Previous message: Steven Rostedt: "Re: [PATCH V2] trace-cmd: add option to group like comms for profile"
In reply to: Peter Zijlstra: "Re: [RFC][PATCH 12/13] stop_machine: Remove lglock"
Next in thread: Peter Zijlstra: "Re: [RFC][PATCH 12/13] stop_machine: Remove lglock"
Messages sorted by: [ date ] [ thread ] [ subject ] [ author ]

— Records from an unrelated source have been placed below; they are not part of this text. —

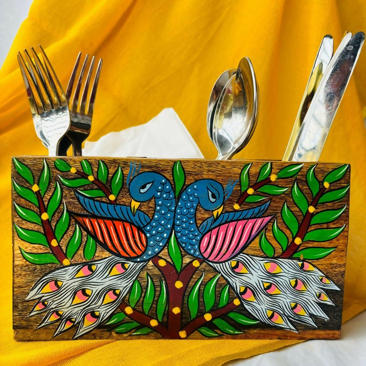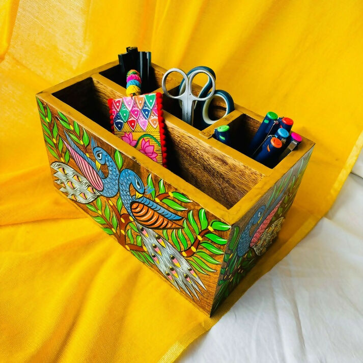 Do you find home organization boring? Not anymore! Add a vibrant spark to your home organization with these wooden multipurpose holders. The wooden holder is a fantastic representation of two of India’s heritage handiworks. It is made of native mango wood, exquisitely crafted by distinguished woodworkers of Saharanpur, then individually hand-painted by generational Pattachitra artists from Pingla.From cutlery to pens, these handcrafted wooden multipurpose holders, will hold onto every little trinket of yours safely.
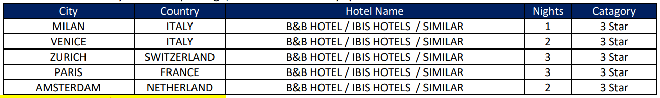 § Hotels will not be in main city centres
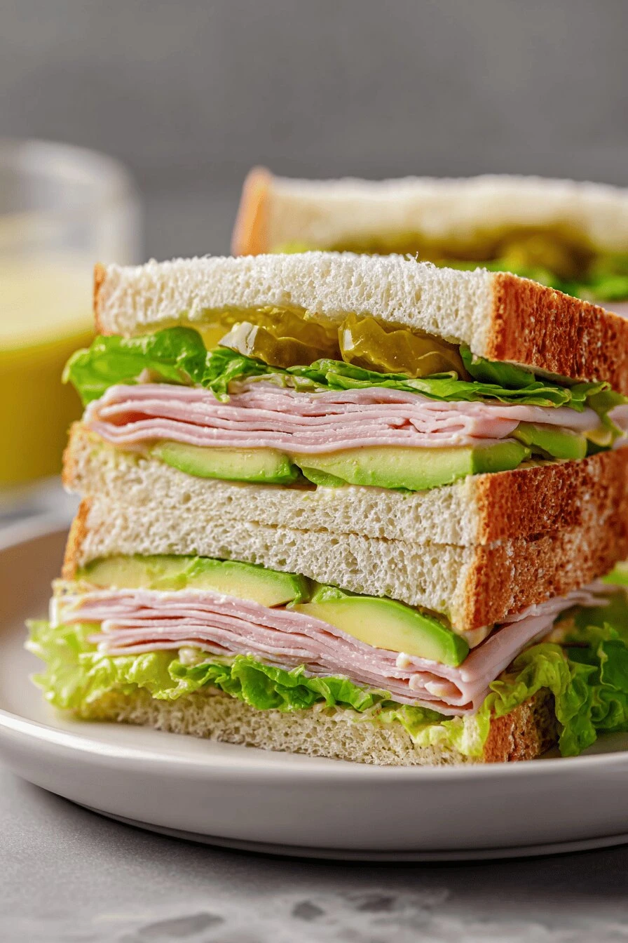 - 5 Add avocado slices gently — too ripe and they mash; too firm and they lack butteriness. Look for uniform pale green. Lay slices across ham, not stacked. Avoid brown edges.

On Wed, Jun 24, 2015 at 07:58:30PM +0200, Peter Zijlstra wrote:
> On Wed, Jun 24, 2015 at 10:10:17AM -0700, Paul E. McKenney wrote:
> > > The thing is, once you start bailing on this condition your 'queue'
> > > drains very fast and this is around the same time sync_rcu() would've
> > > released the waiters too.
> >
> > In my experience, this sort of thing simply melts down on large systems.
> > I am reworking this with multiple locks so as to keep the large-system
> > contention down to a dull roar.
>
> So with the MCS queue we're got less global trashing than you had with
> the start/done tickets. Only the queue head on enqueue.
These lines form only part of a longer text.